** DATA FOR THE TASK follows **
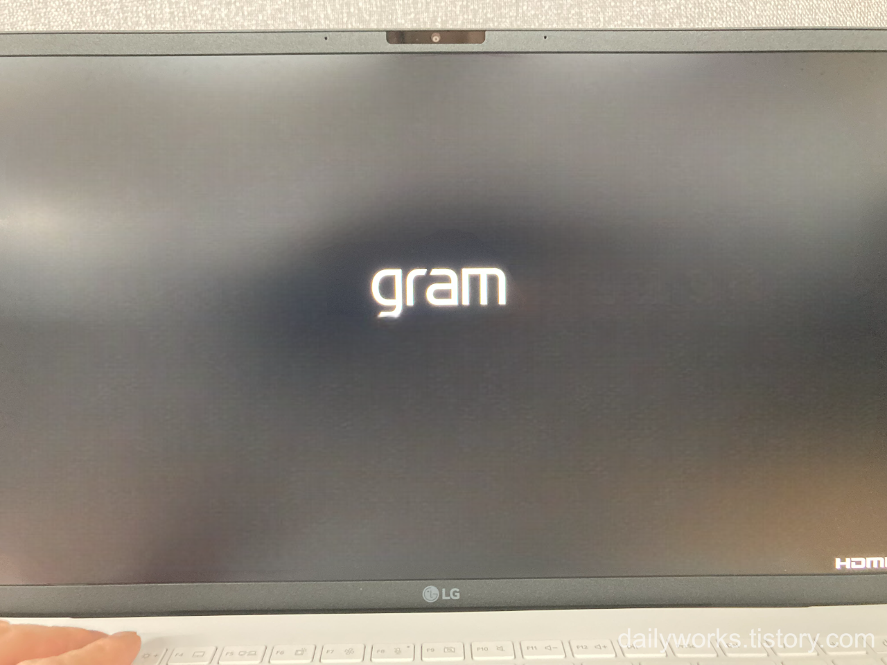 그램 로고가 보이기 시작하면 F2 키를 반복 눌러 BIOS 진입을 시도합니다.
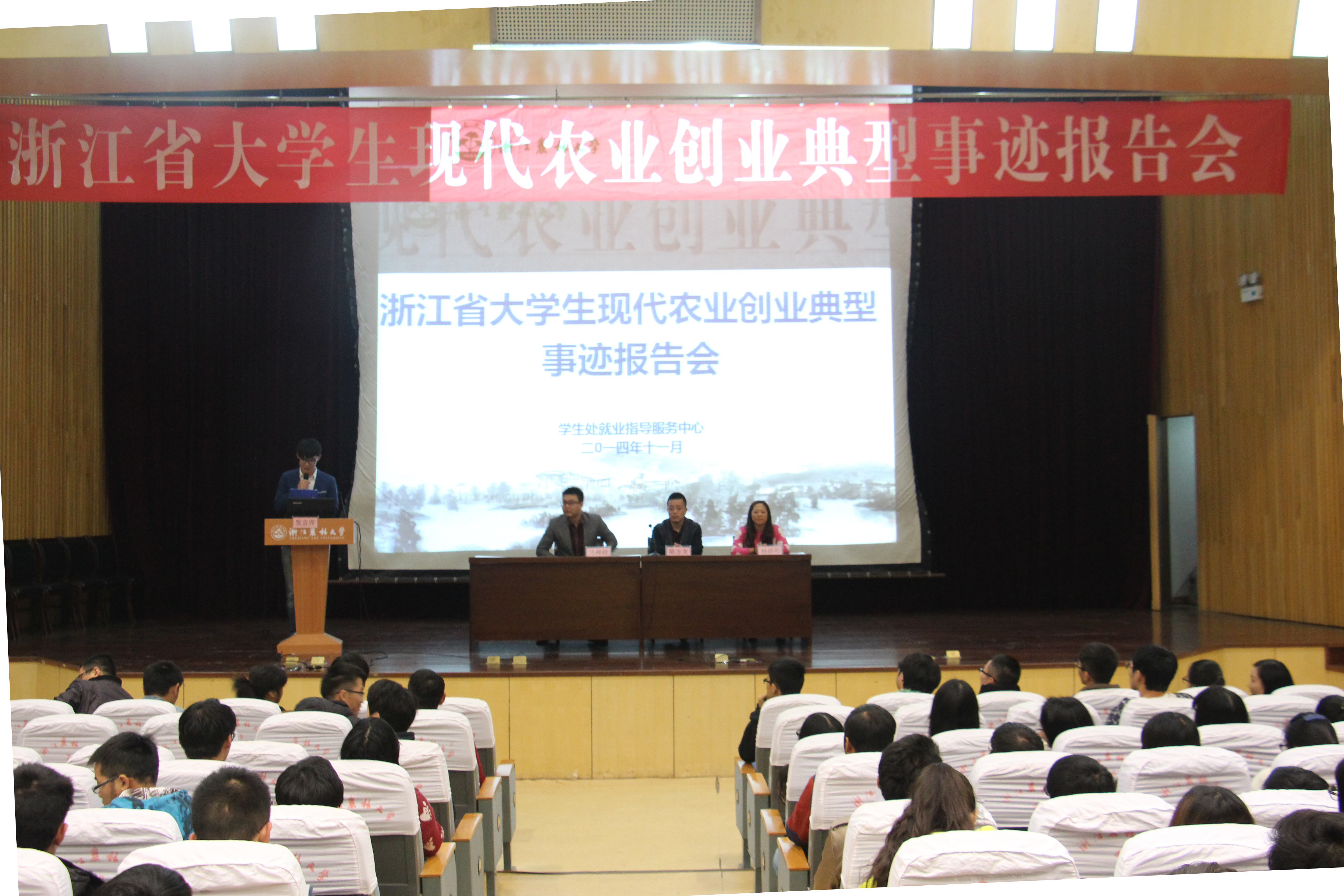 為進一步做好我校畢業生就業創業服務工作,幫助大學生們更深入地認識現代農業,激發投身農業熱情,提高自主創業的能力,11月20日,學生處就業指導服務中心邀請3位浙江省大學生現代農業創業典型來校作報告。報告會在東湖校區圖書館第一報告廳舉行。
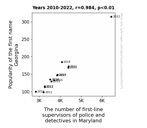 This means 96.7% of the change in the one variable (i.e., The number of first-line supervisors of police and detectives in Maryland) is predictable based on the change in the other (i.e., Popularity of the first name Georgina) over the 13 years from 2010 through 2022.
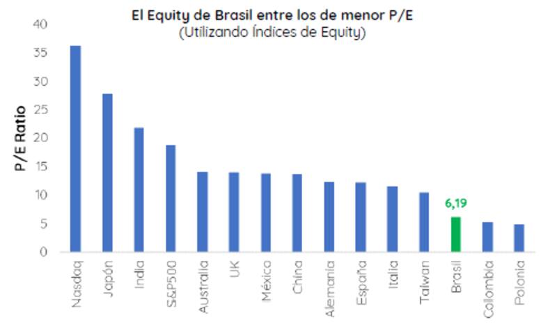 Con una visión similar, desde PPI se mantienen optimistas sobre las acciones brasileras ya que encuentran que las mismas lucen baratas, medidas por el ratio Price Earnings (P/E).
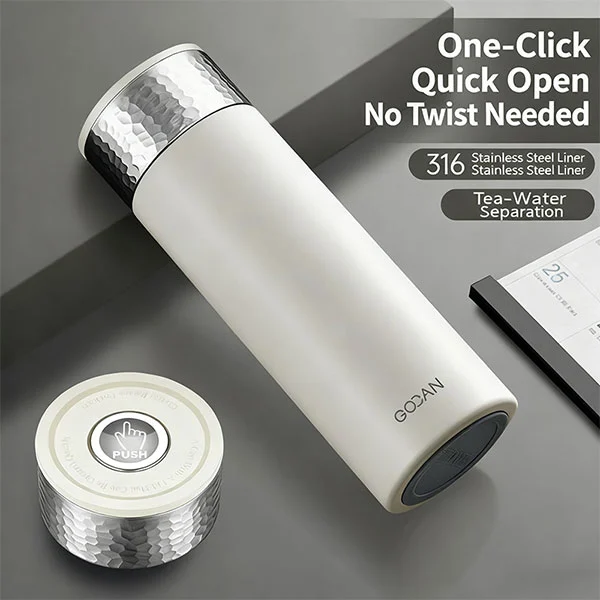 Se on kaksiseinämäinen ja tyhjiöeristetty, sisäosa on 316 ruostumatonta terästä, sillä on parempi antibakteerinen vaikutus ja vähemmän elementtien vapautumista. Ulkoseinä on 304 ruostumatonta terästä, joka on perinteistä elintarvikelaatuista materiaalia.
** End of DATA FOR THE TASK **
• **WHAT TO WORK ON**
Only the lines from the one containing "This means 96.7%" through the last line of the entries above, both included, belong in the answer, written out exactly; pictures do not.

• **ANSWER SECTION**
 This means 96.7% of the change in the one variable (i.e., The number of first-line supervisors of police and detectives in Maryland) is predictable based on the change in the other (i.e., Popularity of the first name Georgina) over the 13 years from 2010 through 2022.
 Con una visión similar, desde PPI se mantienen optimistas sobre las acciones brasileras ya que encuentran que las mismas lucen baratas, medidas por el ratio Price Earnings (P/E).
 Se on kaksiseinämäinen ja tyhjiöeristetty, sisäosa on 316 ruostumatonta terästä, sillä on parempi antibakteerinen vaikutus ja vähemmän elementtien vapautumista. Ulkoseinä on 304 ruostumatonta terästä, joka on perinteistä elintarvikelaatuista materiaalia.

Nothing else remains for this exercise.